By Ken Camp
As ministry leaders at First Baptist Church in Killeen, Texas, prepared for Wednesday evening activities earlier this month, they heard an all-too-familiar report: a shooter had opened fire on soldiers at nearby Fort Hood.
“The really sad thing is the sense that it didn’t come as a complete surprise,” Pastor Randy Wallace said. “‘We’ve done this before — here we go again.’”
Five years ago, a shooter killed 13 people and injured more than 30 others at Fort Hood. In 1991, a killer drove his pickup truck through the plate glass window of a Killeen cafeteria and shot 50 people, killing 23, before turning the gun on himself.
“It’s appropriate we were gathering for prayer meeting,” Wallace added. “The focus of our prayers became the developing tragedy that was still unfolding.”
The church had to find substitutes on short notice to cover the Royal Ambassadors and Girls in Action missions education programs when they learned leaders could not leave their posts at Fort Hood due to the lockdown.
Although the church facility is located just about three miles from the sprawling U.S. Army post, worshippers knew only bits and pieces about what was occurring on the base.
“The Army keeps a tight rein on what is released in those kinds of situations. There was no real-time information available,” he said.
Gradually, they learned a shooter had killed three soldiers and injured 16 before fatally shooting himself.
As news spread, some people in the community who do not regularly attend Wednesday evening worship at First Baptist stopped by to pray that evening, Wallace noted.
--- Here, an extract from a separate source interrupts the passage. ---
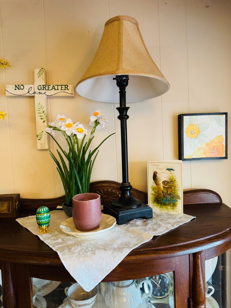 Those two colors feel meaningful and beautiful to me for Easter. They set the tone without falling into the typical pink-and-blue Easter palette that never quite worked in my space.

The next morning, he put aside the sermon he had planned for Sunday — a stewardship message encouraging participation in a debt-retirement campaign — and started work on a new sermon.
Hardship and danger
He selected as his text Romans 8:31-39, a New Testament passage in which the Apostle Paul described hardship and danger but assured his readers nothing could separate God’s people from God’s love.
The opening slide of the visual presentation that accompanied the sermon pictured an ambulance and the title, “No Escape.” In his sermon, Wallace acknowledged the reality of corruption in the world and told his congregation nobody is immune.
But he reminded them corruption does not limit God, it is not from God and it is temporary.
“It was a very raw service. People were emotionally exposed,” Wallace said.
“For some, it was peeling back wounds from five years ago. For others, it was peeling back wounds from the Luby’s [cafeteria] killing.”
As he looked at the congregation, he saw military personnel who told him they had been at a site where the shooter opened fire just five minutes before the rampage began. He also saw both military and civilian families who had been through a variety of traumas in recent years.
“For anybody who had experienced tragedy, this reopened the wounds,” he said.
Lifeway Fellowship
A few miles away at Lifeway Fellowship, Pastor Jimmy Towers led in a prayer time for military personnel.
“That’s nothing unusual here,” he said. “We have a large contingency of soldiers in our church, and we’re constantly aware of their needs and are praying for them.”
Towers chose to minister “one-on-one” with military personnel and their families rather than deal with the issue directly in his sermon. It focused on preparation for Easter.
At First Baptist, Wallace confessed he did not know fully what impact the continuing trauma of the most recent shooting would have on the congregation, but he also was looking ahead to Resurrection Sunday.
“We’re going to do Easter,” he said, noting a desire not to allow a killer to rob the Risen Christ of the attention and glory he deserves. “We’ve got to do Easter.”